EXTRACTED MATERIAL:
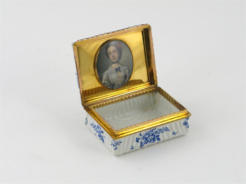 A good enamel gold-mounted snuff box, the exterior painted with delicate sprays of bright blue flowers on a moulded chevron wave ground, the interior fitted with a finely painted portrait of a young lady with flowers in her hair, 2nd half 18th century, a little overpainting to the edges, 8.3cm.
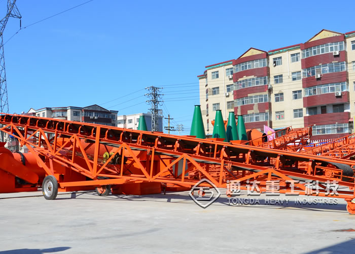 移動(dòng)皮帶輸送機(jī)是一種工效高,使用,機(jī)動(dòng)性好的連續(xù)輸送裝卸設(shè)備。主要用于裝卸地點(diǎn)經(jīng)常變更動(dòng)的場所,如:港口、碼頭、車站、煤場、倉庫、建筑工地、沙石料場、農(nóng)場等,用來短途運(yùn)輸及裝卸散料或單件重量100公斤以下的成件物品
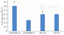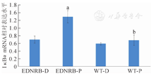 注:EDNRB-D,实验组小鼠狭窄段结肠组织;EDNRB-P,实验组小鼠扩张段结肠组织;WT-D,对照组小鼠远段结肠组织;WT-P,对照组小鼠近段结肠组织;a,EDNRB-D与EDNRB-P相比,P<0.05;b,WT-D与WT-P相比,P>0.05
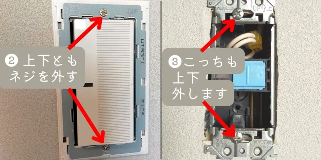 スイッチを外すときはプラスドライバーを使い、上下のネジを緩めていけば大丈夫です。
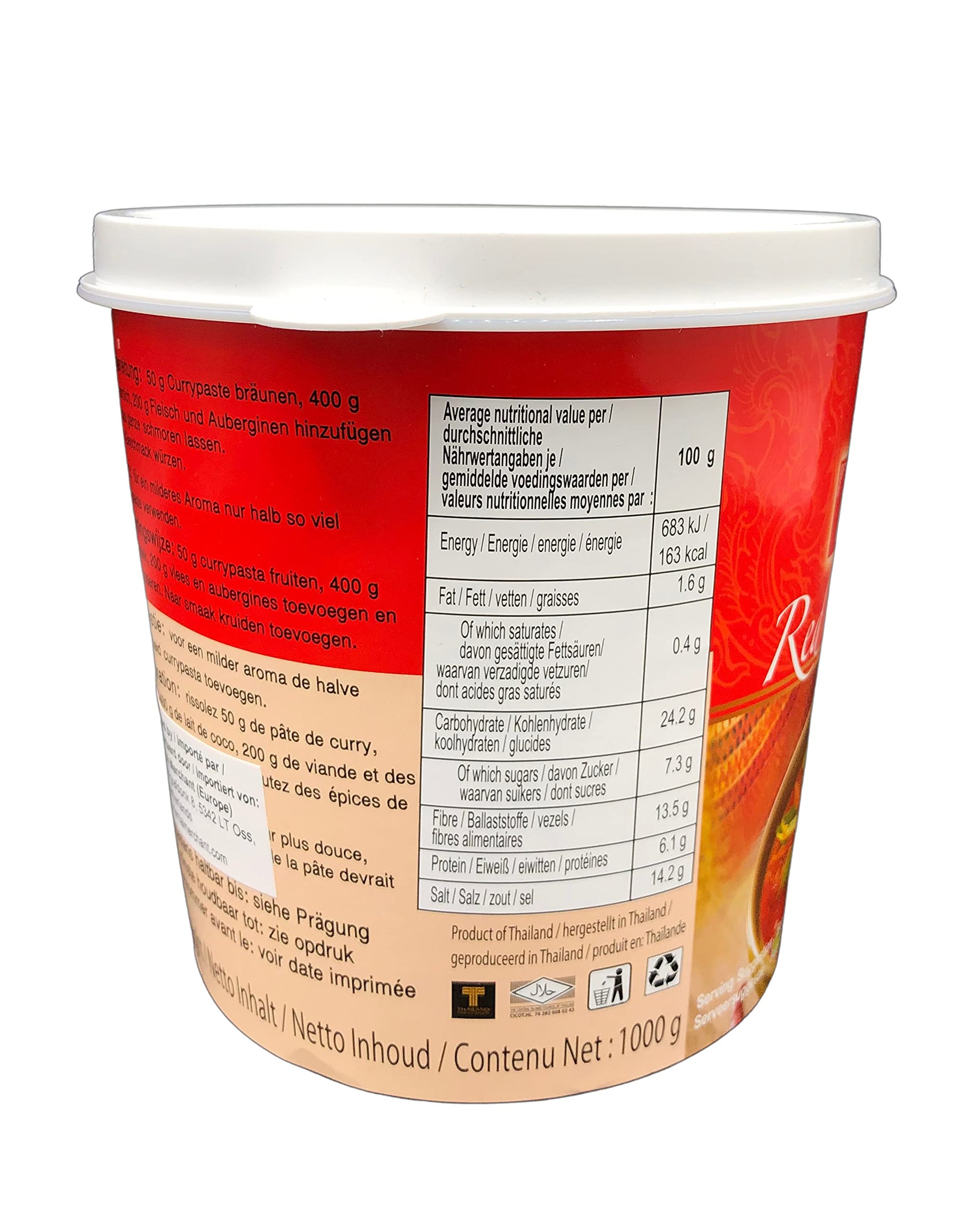 Mae Ploy Red Curry Paste, Authentic Thai Curry Paste With Red Chili, Shrimp Paste, Lemongrass And Aromatic Herbs For Cooking Butter Chicken, Rendang, Curries, Stews And Other Dishes, 2.2Lbs Tub
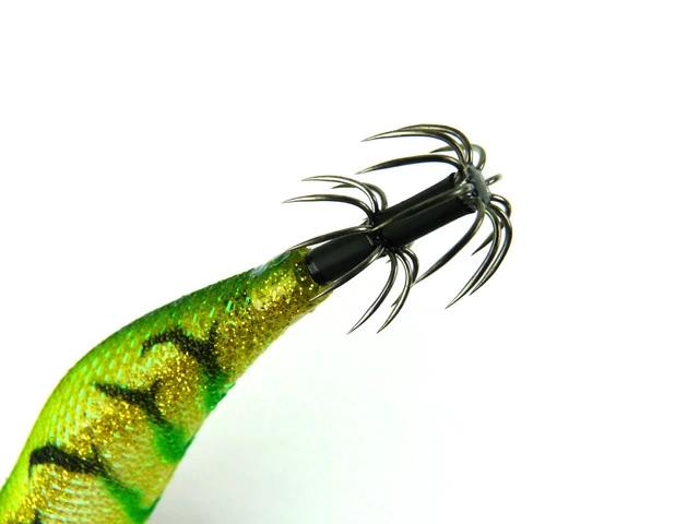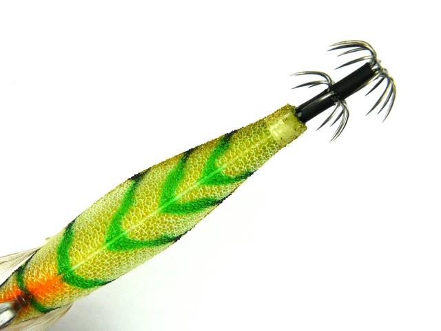 烏賊が認識しやすく、見やすいとされるBLUE夜光を使用しています。ブルーグローは、光の波長が長いので深場や、濁りにも効果的。
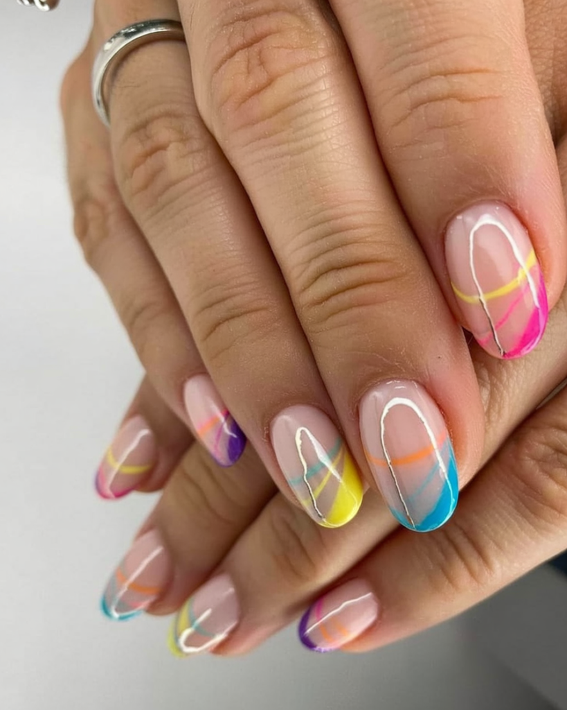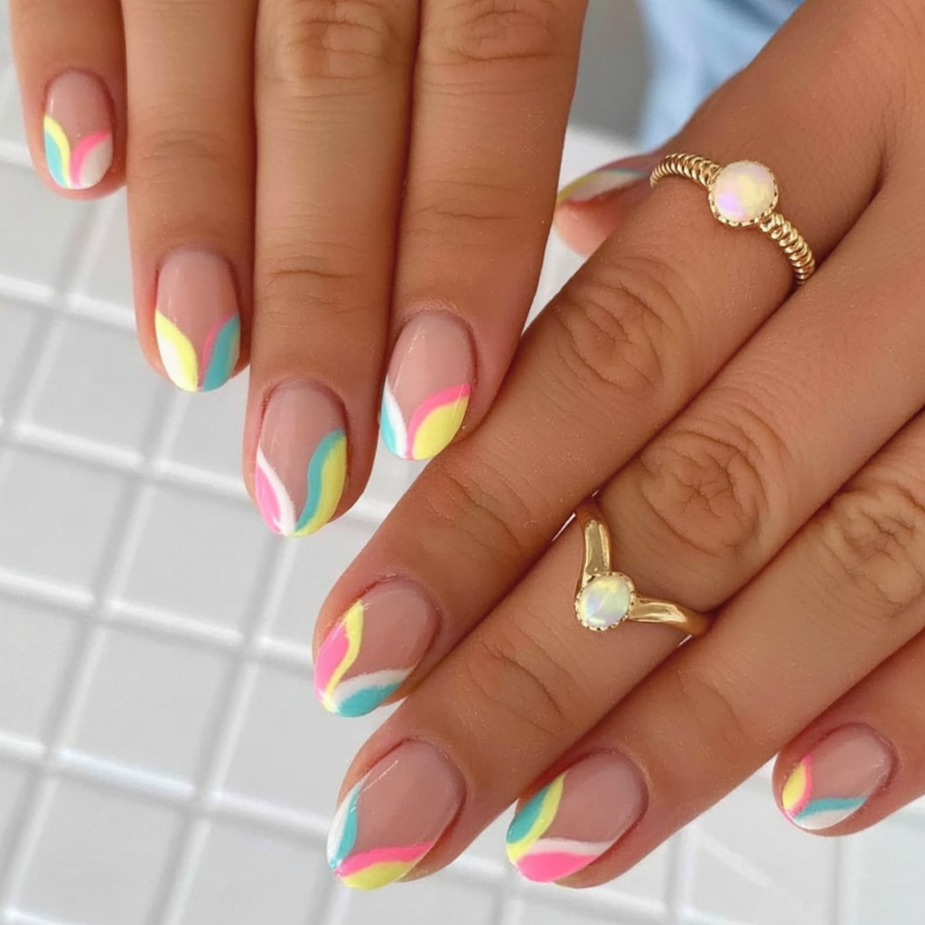 Here’s a nod to the Y2K aesthetic but polished for 2025. Swirling pinks, aquas, and yellows dance over a neutral nail bed, creating a design that’s bold but still minimalist. The soft oval nail shape makes this wearable and flattering for all finger types. Whether you’re dressing up for a birthday or brunch, this falls under ideas simple that stand out.
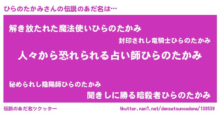 | ヒーロー風カッコイイあだ名 | 『正義の使者ひらのたかみ』 |
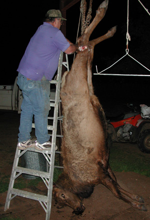 I shot this elk from a distance of 70 yards with the DAQ .458 mag. The Axis was shot from 75 yards with the same gun. I was using the 370 grn pointed bullet shot at 738 fps.
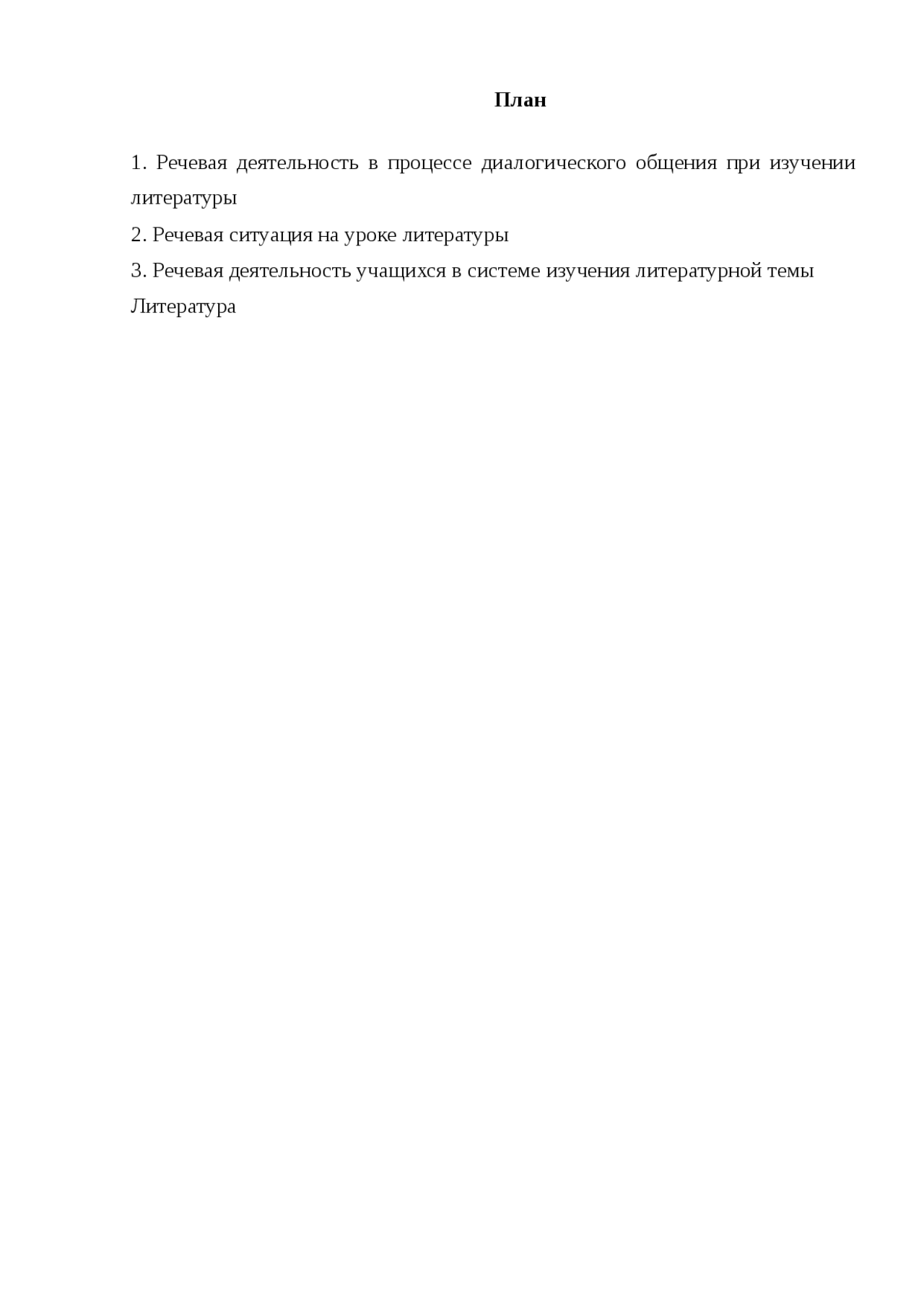 1 . Речевая деятельность в процессе диалогического общения при изучении литературы . 2 . Речевая ситуация на уроке литературы . 3 . Речевая деятельность учащихся в системе изучения литературной темы
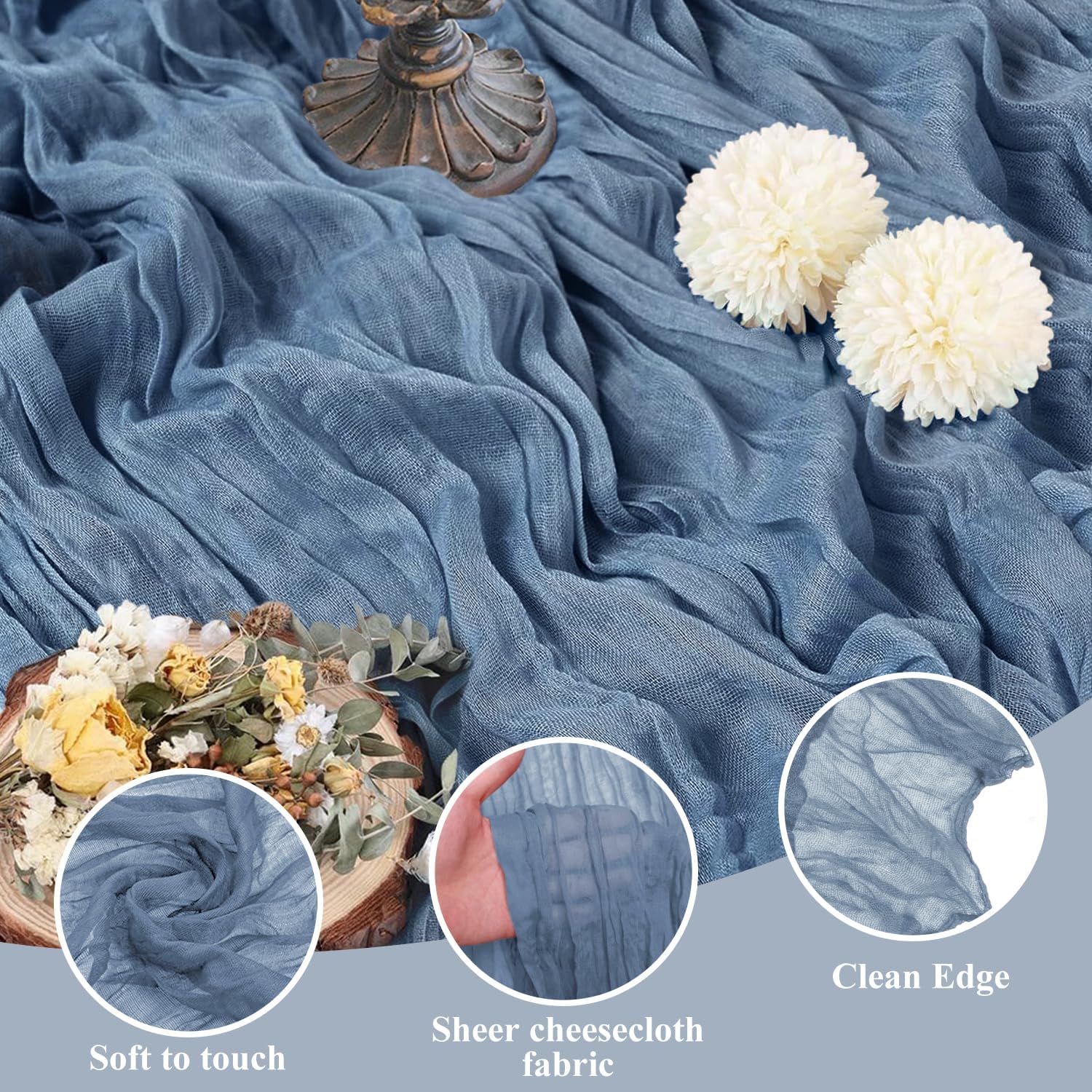 Asee'm 2pcs Cheesecloth Table Runner 120 Inches Dusty Blue Boho Gauze Cheese Cloth Runner 10FT Rustic Sheer Table Runners for Centerpiece Wedding Baby Shower Spring Easter Decoration
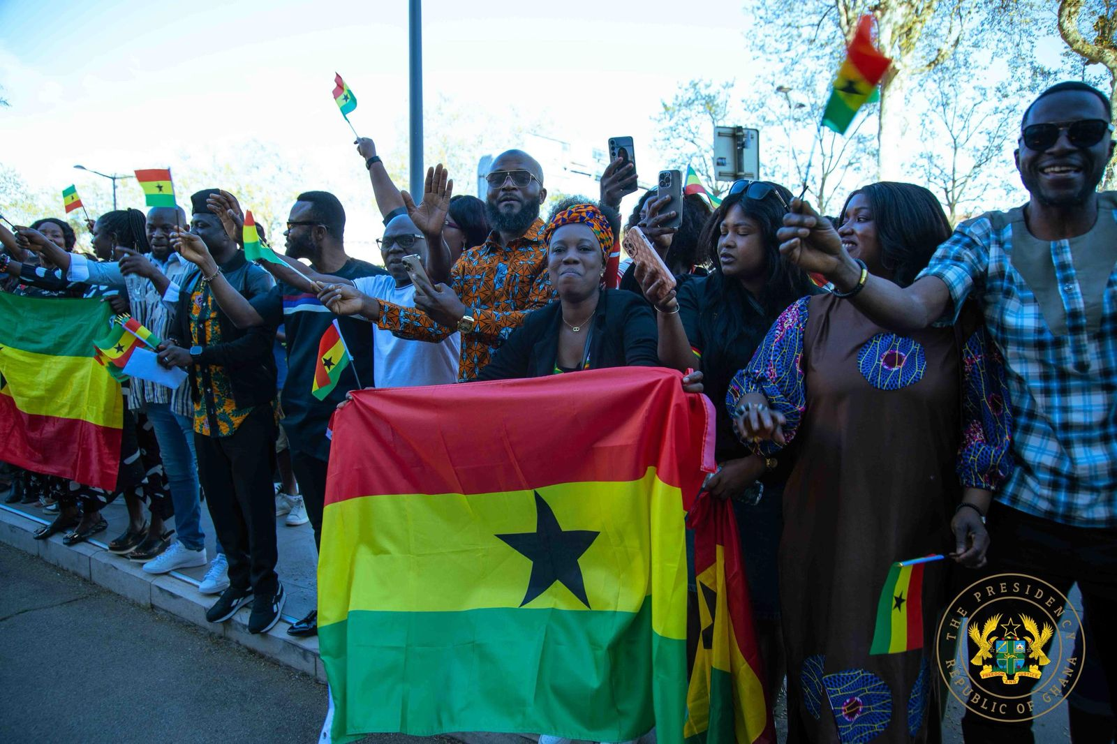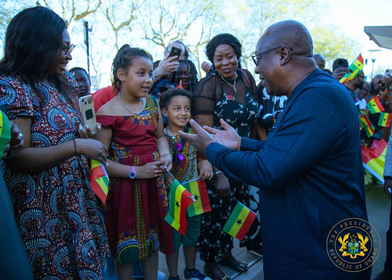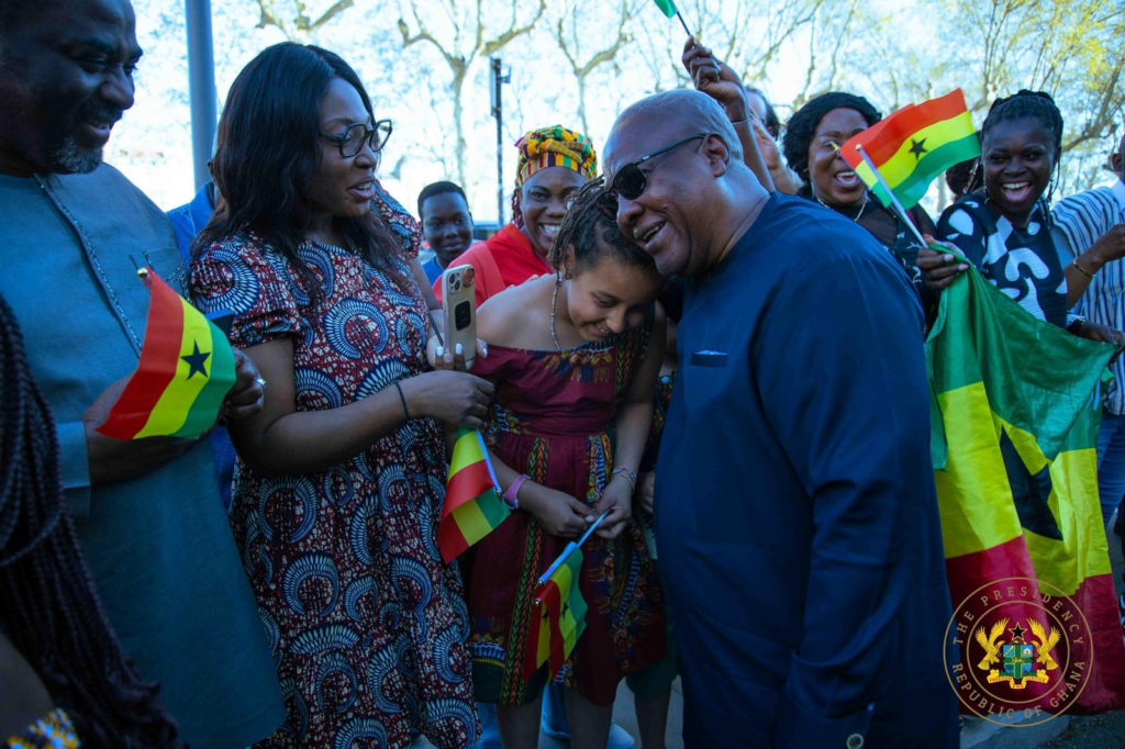 Upon arrival, President Mahama was warmly received by members of the Ghanaian community in Lyon. A number of families gathered to welcome him on Easter Monday, expressing excitement at the opportunity to meet him and interact briefly with the delegation.
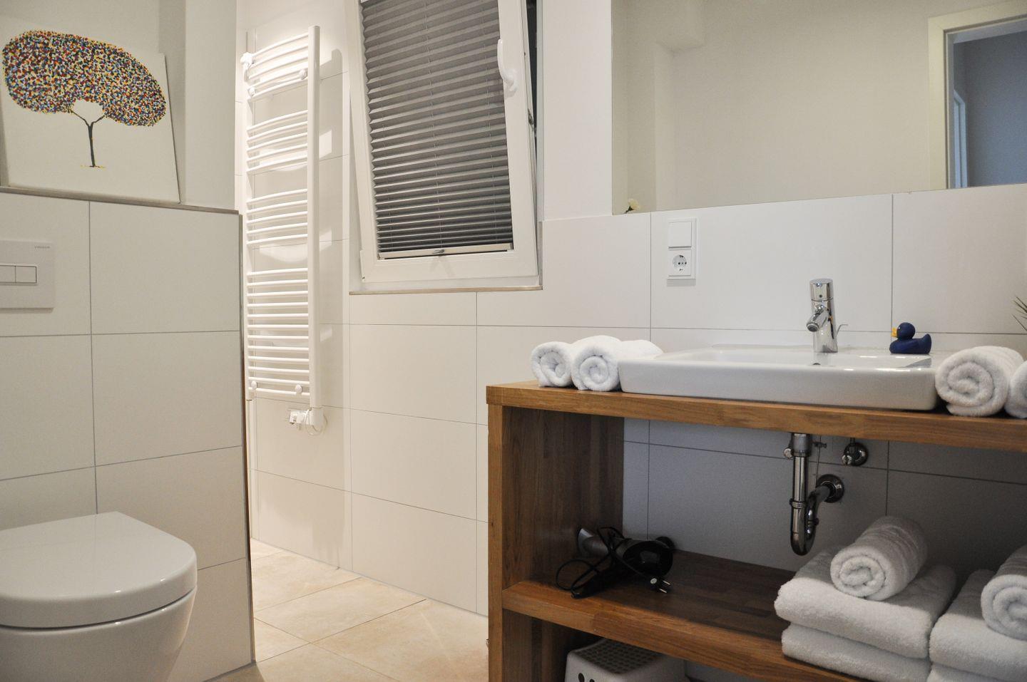 Highlight der Unterkunft ist die bodengleich gestaltete Dusche im modernen Badezimmer, somit können Sie sich sofort wohlfühlen. Die Wohnung ist allergikergeeignet und bietet durch Fußbodenheizung und Zentralheizung ein behagliches Wohnklima, unabhängig von der Jahreszeit.

TASK:
Would you please transcribe the listing in full, exactly, while omitting the images?

WRITTEN RESPONSE:
 A good enamel gold-mounted snuff box, the exterior painted with delicate sprays of bright blue flowers on a moulded chevron wave ground, the interior fitted with a finely painted portrait of a young lady with flowers in her hair, 2nd half 18th century, a little overpainting to the edges, 8.3cm.
 移動(dòng)皮帶輸送機(jī)是一種工效高,使用,機(jī)動(dòng)性好的連續(xù)輸送裝卸設(shè)備。主要用于裝卸地點(diǎn)經(jīng)常變更動(dòng)的場所,如:港口、碼頭、車站、煤場、倉庫、建筑工地、沙石料場、農(nóng)場等,用來短途運(yùn)輸及裝卸散料或單件重量100公斤以下的成件物品
 注:EDNRB-D,实验组小鼠狭窄段结肠组织;EDNRB-P,实验组小鼠扩张段结肠组织;WT-D,对照组小鼠远段结肠组织;WT-P,对照组小鼠近段结肠组织;a,EDNRB-D与EDNRB-P相比,P<0.05;b,WT-D与WT-P相比,P>0.05
 スイッチを外すときはプラスドライバーを使い、上下のネジを緩めていけば大丈夫です。
 Mae Ploy Red Curry Paste, Authentic Thai Curry Paste With Red Chili, Shrimp Paste, Lemongrass And Aromatic Herbs For Cooking Butter Chicken, Rendang, Curries, Stews And Other Dishes, 2.2Lbs Tub
 烏賊が認識しやすく、見やすいとされるBLUE夜光を使用しています。ブルーグローは、光の波長が長いので深場や、濁りにも効果的。
 Here’s a nod to the Y2K aesthetic but polished for 2025. Swirling pinks, aquas, and yellows dance over a neutral nail bed, creating a design that’s bold but still minimalist. The soft oval nail shape makes this wearable and flattering for all finger types. Whether you’re dressing up for a birthday or brunch, this falls under ideas simple that stand out.
 | ヒーロー風カッコイイあだ名 | 『正義の使者ひらのたかみ』 |
 I shot this elk from a distance of 70 yards with the DAQ .458 mag. The Axis was shot from 75 yards with the same gun. I was using the 370 grn pointed bullet shot at 738 fps.
 1 . Речевая деятельность в процессе диалогического общения при изучении литературы . 2 . Речевая ситуация на уроке литературы . 3 . Речевая деятельность учащихся в системе изучения литературной темы
 Asee'm 2pcs Cheesecloth Table Runner 120 Inches Dusty Blue Boho Gauze Cheese Cloth Runner 10FT Rustic Sheer Table Runners for Centerpiece Wedding Baby Shower Spring Easter Decoration
 Upon arrival, President Mahama was warmly received by members of the Ghanaian community in Lyon. A number of families gathered to welcome him on Easter Monday, expressing excitement at the opportunity to meet him and interact briefly with the delegation.
 Highlight der Unterkunft ist die bodengleich gestaltete Dusche im modernen Badezimmer, somit können Sie sich sofort wohlfühlen. Die Wohnung ist allergikergeeignet und bietet durch Fußbodenheizung und Zentralheizung ein behagliches Wohnklima, unabhängig von der Jahreszeit.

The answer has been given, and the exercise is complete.